Il Ministro Erika Stefani, che ha voluto e organizzato questa Sesta Conferenza delle Politiche per la disabilità – l’ultima era stata nel 2016 – ha sottolineato come sia importante la meta ma anche la strada e, soprattutto, come siano importanti i compagni di viaggio e il camminare insieme per arrivare fino in fondo: «così si raggiungono i risultati: ci sediamo insieme, facciamo rete con tutti, con le Regioni, i Comuni, le federazioni, le associazioni, perché il futuro disabilità è nel coordinamento di tutti i protagonisti».

 

Paolo Bandiera, Direttore Affari Generali-Advocacy di AISM commenta: «l’Associazione direttamente e attraverso la FISH ha voluto dare un consistente contributo ai lavori della Conferenza, a partire dalla partecipazione alla consultazione pubblica che l’ha preceduta.

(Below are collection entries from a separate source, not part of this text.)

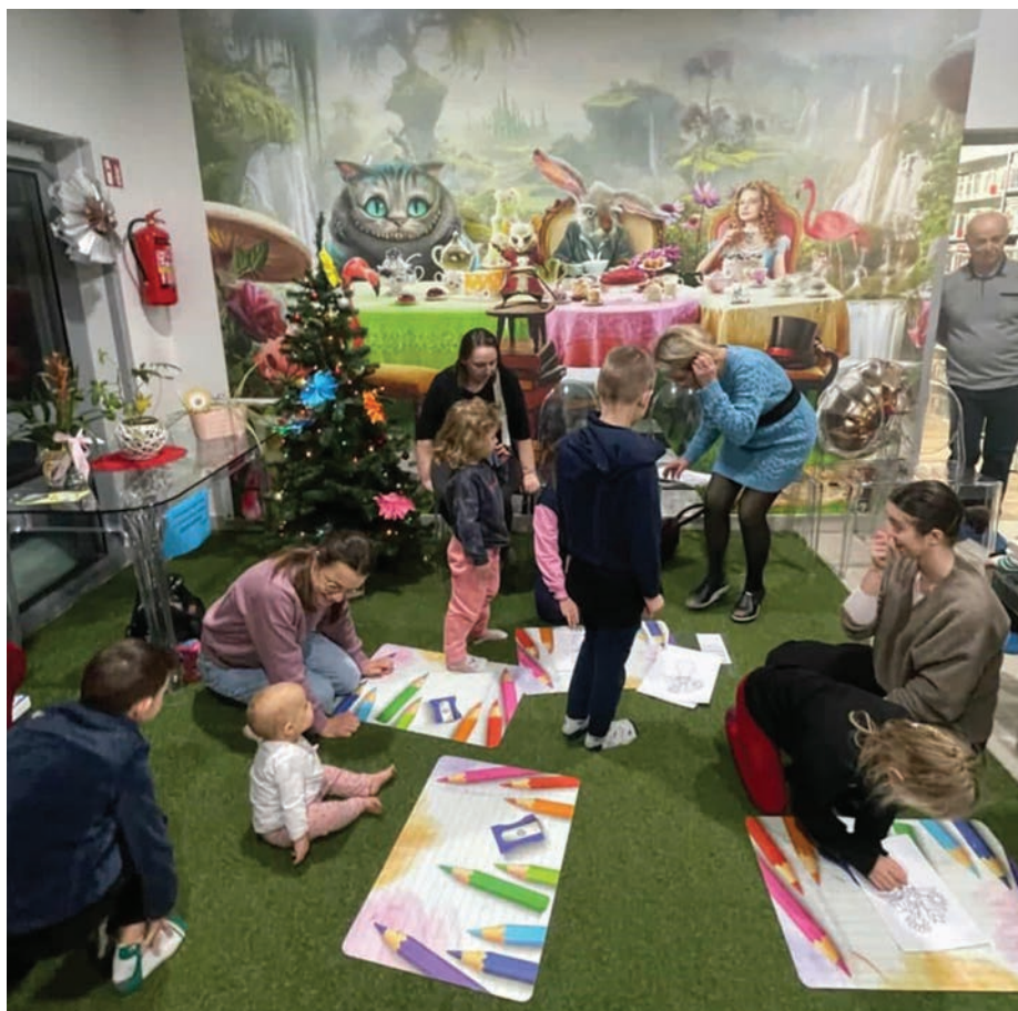
// Kreatywne ferie w filia nr 4 przy ul. Żeromskiego 235, gdzie pracownicy biblioteki zorganizowali „Rodzinne spotkanie czytelnicze”.

– Te statystyki nabierają szczególnego znaczenia, gdy spojrzymy na nie przez pryzmat historii. Rok 2026 jest dla Miejskiej Biblioteki Publicznej w Otwocku rokiem jubileuszowym. Kończymy 80 lat. Osiem dekad nieprzerwanej działalności to dowód, zaufania i silnego zakorzenienia biblio-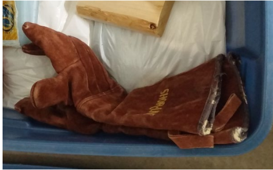
Gants en kevlar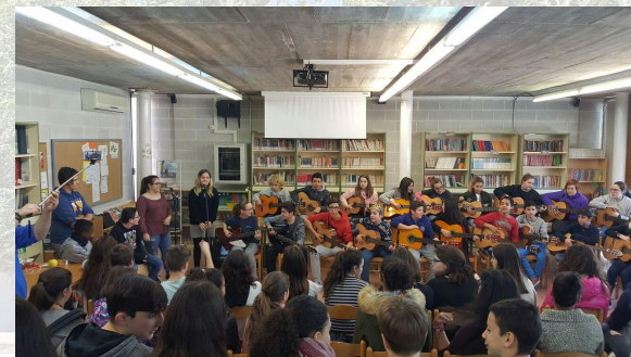
Mogudes 2 ESO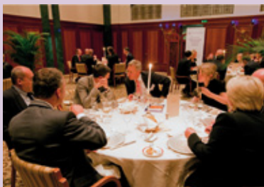
Dinner im Hotel Adlon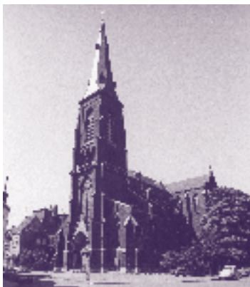
St. Martinuskerk aan de Rechtstraat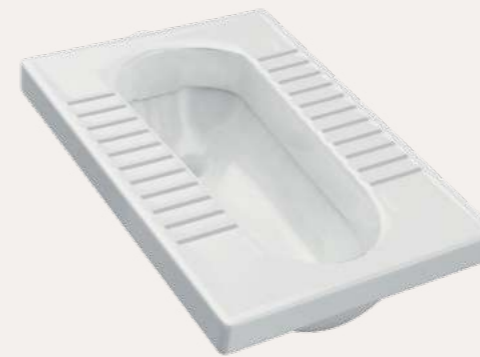
taza turca punta sal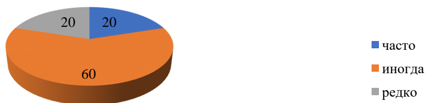
Рис. 1. Как часто подросток грубит?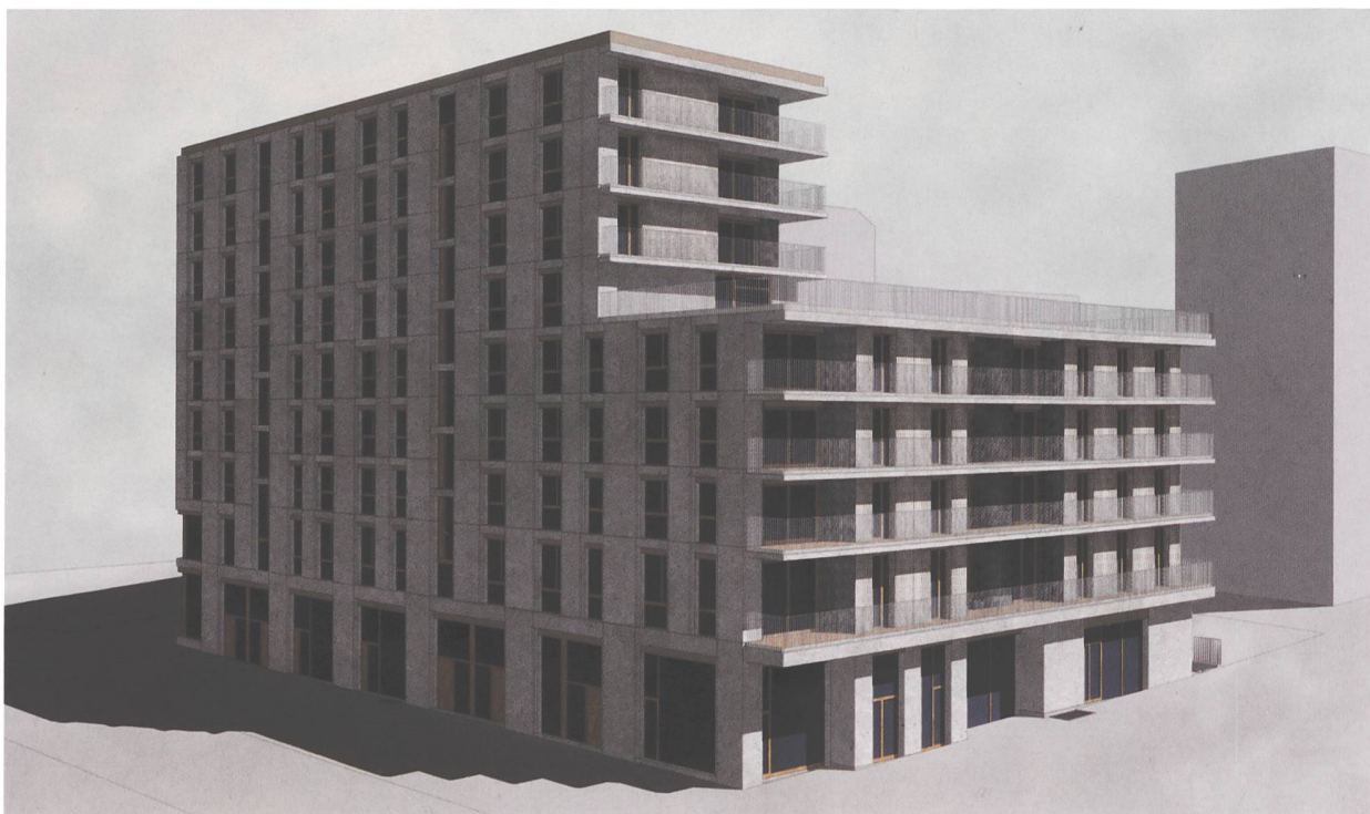
Le projet du Bled.

Abbiamo poi concorso alla messa a punto delle proposte dei gruppi di lavoro dell’Osservatorio nazionale sulla condizione delle persone con disabilità, e costruito assieme con le altre organizzazioni della FISH un corposo documento presentato dalla stessa Federazione in Conferenza, che costituisce una piattaforma strategica e un piano d’azione concreto per costruire una società inclusiva, in piena coerenza con il percorso della nostra Agenda 2025».

 

Tra le proposte avanzate da FISH, cui ha contribuito la nostra associazione, trovano spazio la necessità di un maggiore coordinamento tra le politiche sanitarie, socio-sanitarie e sociali, «l’urgente aggiornamento dei LEA, i Livelli Essenziali di Assistenza Sanitaria, al fine di assicurare ai beneficiari progetti di riabilitazione individualizzati, un’efficace ed effettiva integrazione socio-sanitaria, la continuità di assistenza tra ospedale e territorio, compresa la necessità di semplificare i sistemi di approvvigionamento e fornitura alle persone con disabilità delle protesi e degli ausili, l’adozione dei LEPS, i Livelli Essenziali delle Prestazioni Sociali, da realizzare attraverso la ricomposizione complessiva della spesa corrente».

 

Il Presidente FISH, Vincenzo Falabella conclude: «È il tempo di passare dalle parole ai fatti. Serve un nuovo welfare inclusivo e di comunità».

 

Una comunità come quella di AISM è e intende essere attore protagonista del cambiamento in atto, come spiega il Presidente Nazionale AISM Francesco Vacca: «Oggi si è parlato di ripresa e di resilienza. Noi di AISM, noi persone con SM siamo esperti di resilienza, che non è aspettare passivamente che le cose vadano bene, ma fare qualcosa noi per primi perché le cose migliorino, perché la vita di tutti abbia un nuovo respiro. Il nostro impegno per costruire, insieme a tutti gli attori coinvolti, la nuova Agenda 2025 della Sclerosi Multipla va in questa direzione, è il nostro contributo partecipato alla costruzione di un piano nazionale di ripresa e resilienza e di una società più inclusiva».